(Source records begins)

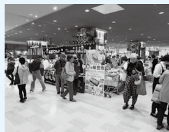
10月にイトーヨーカ堂武蔵境店で開催した「やまがた秋の味覚市」
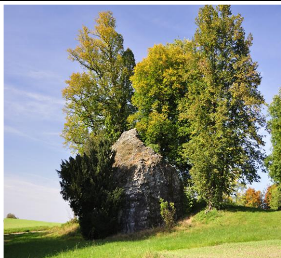
IFP 1419 Pfluegstein ob Herrliberg
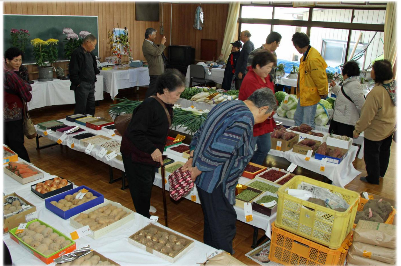
今年も見事な農産物が出品されました。
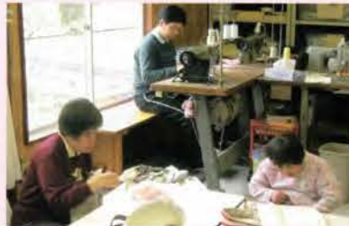
手芸・袋物を「縫う」
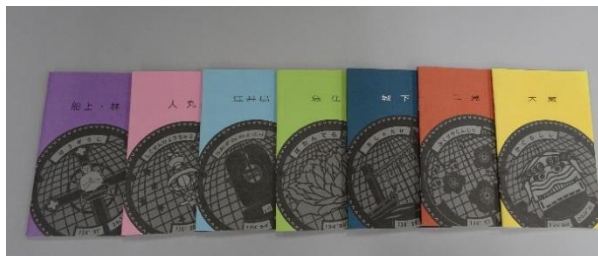
ヘリテージ明石作成の冊子

調査は明石工業高等専門学校、神戸学院大学人文学部、「ひょうごヘリテージ機構H20東播」が協力している。調査成果をまとめた小冊子は、ハンディサイズで、手に持ってまちの歴史的風景を見つけることを目的として作成されている。平成 25 年度から江井島、大蔵、魚住、二見、城下、人丸、船上・林の 7 地区を調査して、冊子を刊行しており、今後も継続して地区別調査ならびに小冊子の刊行を予定している。
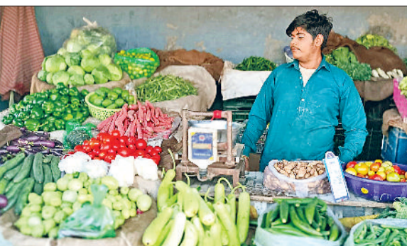
राजौंद। दुकानों पर सजी हुई सब्जियां।

क्षेत्र में जैसे-जैसे गर्मी ने दस्तक देनी शुरू की है, वैसे-वैसे सब्जियों के दामों में भी बढ़ोतरी की आहट साफ नजर आने लगी है। हाल ही में सामने आई एक सूची के अनुसार पहले जहां कई सब्जियां सस्ते दामों पर मिल रही थीं, वहीं अब उनके भाव में धीरे-धीरे बढ़ोतरी देखी जा रही है, जिससे आम लोगों की चिंता बढ़ने लगी है। जानकारी के अनुसार आलू पहले 8-10 रुपये प्रति किलो के स्तर पर था और अभी भी इसी के आसपास बना हुआ है। वहीं बैंगन, टमाटर, गोभी, भिंडी, खीरा, मटर
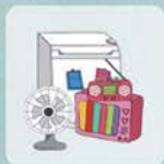
DECHETS ELECTRIQUES ET ELECTRONIQUES
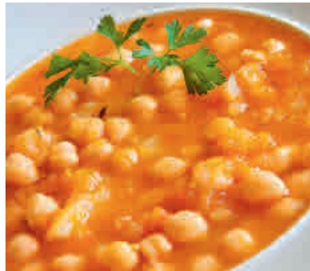
Los garbanzos aportan vitaminas del grupo B y minerales

evolucionar hacia unos niveles saludables y sostenibles, en España, según IMEO, habría que reducir un 84% la ingesta actual de carne y fomentar en un 80% la alimentación de origen vegetal. Tradicionalmente, las fuentes animales han sido las más elegidas por ser completas en cuanto a composición de aminoácidos esenciales (proteínas de alto valor biológico), fáciles de asimilar. Actualmente se sabe que las proteínas de origen vegetal también pueden cubrir estos requerimientos de aminoácidos, si se consumen de forma adecuada, ayudando así a re-
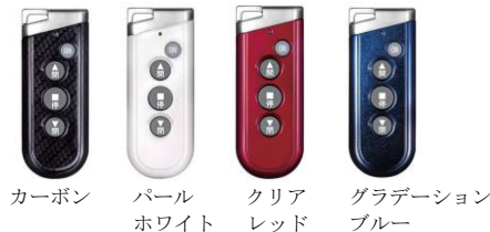
カーボン パールホワイト クリアレッド グラデーションブルー
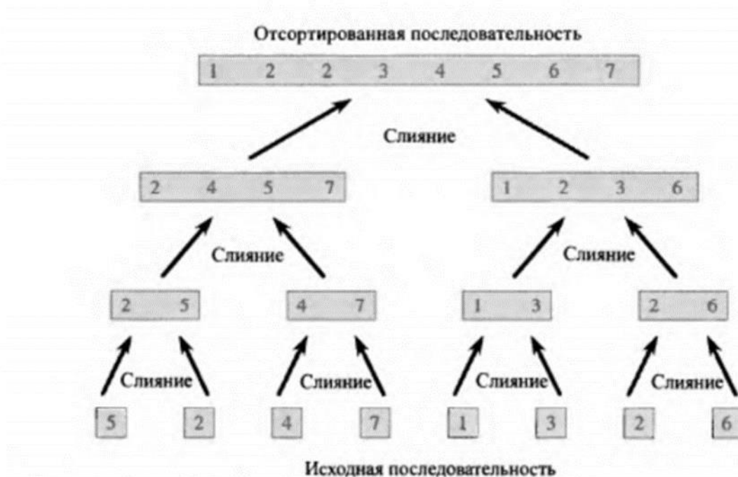
Рис. 2.4. Процесс сортировки слиянием массива A = \langle 5, 2, 4, 7, 1, 3, 2, 6 \rangle . Длины подлежащих слиянию отсортированных последовательностей возрастают в ходе работы алгоритма.
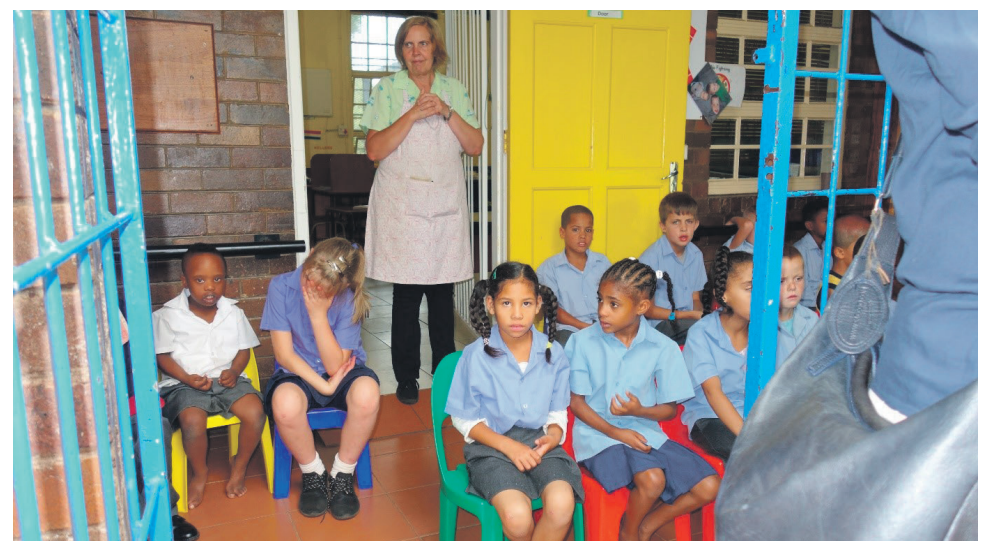
Leerlingen van het CTC.
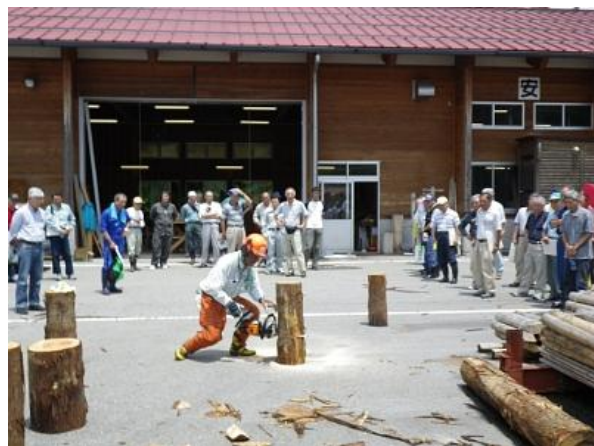
「里山リーダーセミナー」における機械操作技術の指導
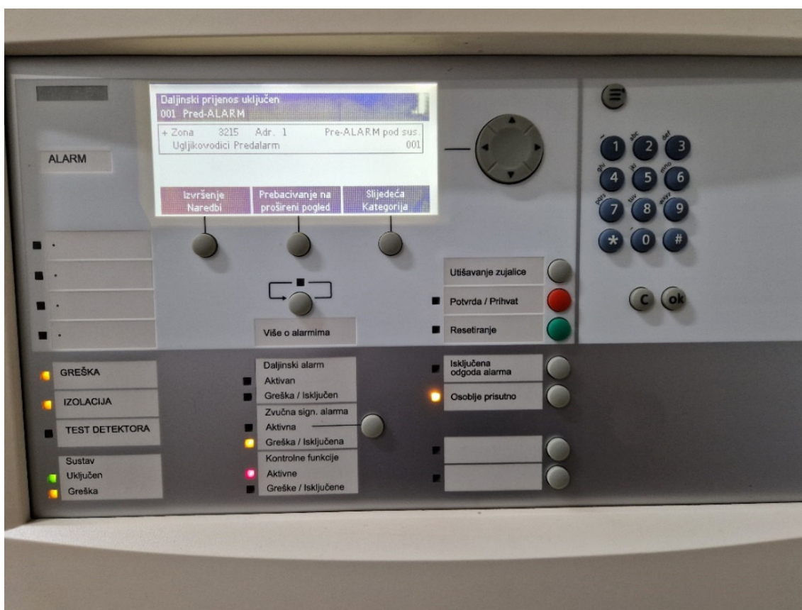
Slika 7. Digitalna nadogradnja javljača požara sa sustavima pre-alarma
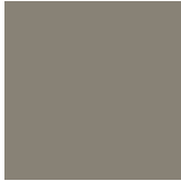
OP30 grey opaco
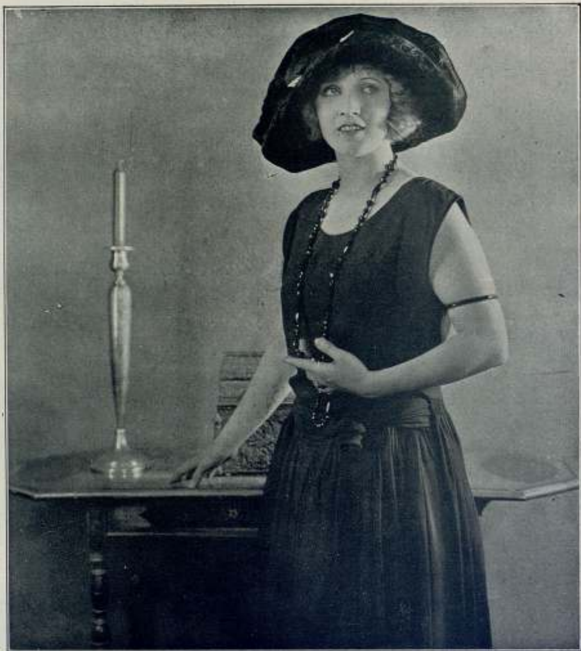
MARY MILES MINTER

La deliciosa actriz, creadora del No me llame usted chiguilla y Norah , del
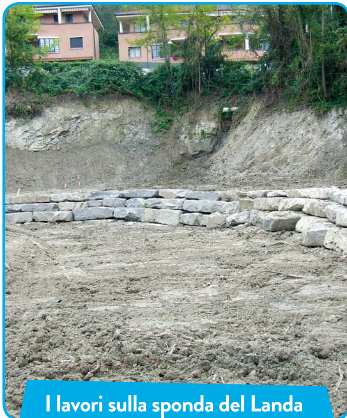
I lavori sulla sponda del Landa
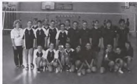
Drużyna dziewcząt ze Szkoły Podstawowej nr 2

(Source records ends)

» Exercise brief
Please copy out the whole listing exactly as it stands, minus the pictures.

» Completed exercise
10月にイトーヨーカ堂武蔵境店で開催した「やまがた秋の味覚市」
IFP 1419 Pfluegstein ob Herrliberg
今年も見事な農産物が出品されました。
手芸・袋物を「縫う」
ヘリテージ明石作成の冊子

調査は明石工業高等専門学校、神戸学院大学人文学部、「ひょうごヘリテージ機構H20東播」が協力している。調査成果をまとめた小冊子は、ハンディサイズで、手に持ってまちの歴史的風景を見つけることを目的として作成されている。平成 25 年度から江井島、大蔵、魚住、二見、城下、人丸、船上・林の 7 地区を調査して、冊子を刊行しており、今後も継続して地区別調査ならびに小冊子の刊行を予定している。
राजौंद। दुकानों पर सजी हुई सब्जियां।

क्षेत्र में जैसे-जैसे गर्मी ने दस्तक देनी शुरू की है, वैसे-वैसे सब्जियों के दामों में भी बढ़ोतरी की आहट साफ नजर आने लगी है। हाल ही में सामने आई एक सूची के अनुसार पहले जहां कई सब्जियां सस्ते दामों पर मिल रही थीं, वहीं अब उनके भाव में धीरे-धीरे बढ़ोतरी देखी जा रही है, जिससे आम लोगों की चिंता बढ़ने लगी है। जानकारी के अनुसार आलू पहले 8-10 रुपये प्रति किलो के स्तर पर था और अभी भी इसी के आसपास बना हुआ है। वहीं बैंगन, टमाटर, गोभी, भिंडी, खीरा, मटर
DECHETS ELECTRIQUES ET ELECTRONIQUES
Los garbanzos aportan vitaminas del grupo B y minerales

evolucionar hacia unos niveles saludables y sostenibles, en España, según IMEO, habría que reducir un 84% la ingesta actual de carne y fomentar en un 80% la alimentación de origen vegetal. Tradicionalmente, las fuentes animales han sido las más elegidas por ser completas en cuanto a composición de aminoácidos esenciales (proteínas de alto valor biológico), fáciles de asimilar. Actualmente se sabe que las proteínas de origen vegetal también pueden cubrir estos requerimientos de aminoácidos, si se consumen de forma adecuada, ayudando así a re-
カーボン パールホワイト クリアレッド グラデーションブルー
Рис. 2.4. Процесс сортировки слиянием массива A = \langle 5, 2, 4, 7, 1, 3, 2, 6 \rangle . Длины подлежащих слиянию отсортированных последовательностей возрастают в ходе работы алгоритма.
Leerlingen van het CTC.
「里山リーダーセミナー」における機械操作技術の指導
Slika 7. Digitalna nadogradnja javljača požara sa sustavima pre-alarma
OP30 grey opaco
MARY MILES MINTER

La deliciosa actriz, creadora del No me llame usted chiguilla y Norah , del
I lavori sulla sponda del Landa
Drużyna dziewcząt ze Szkoły Podstawowej nr 2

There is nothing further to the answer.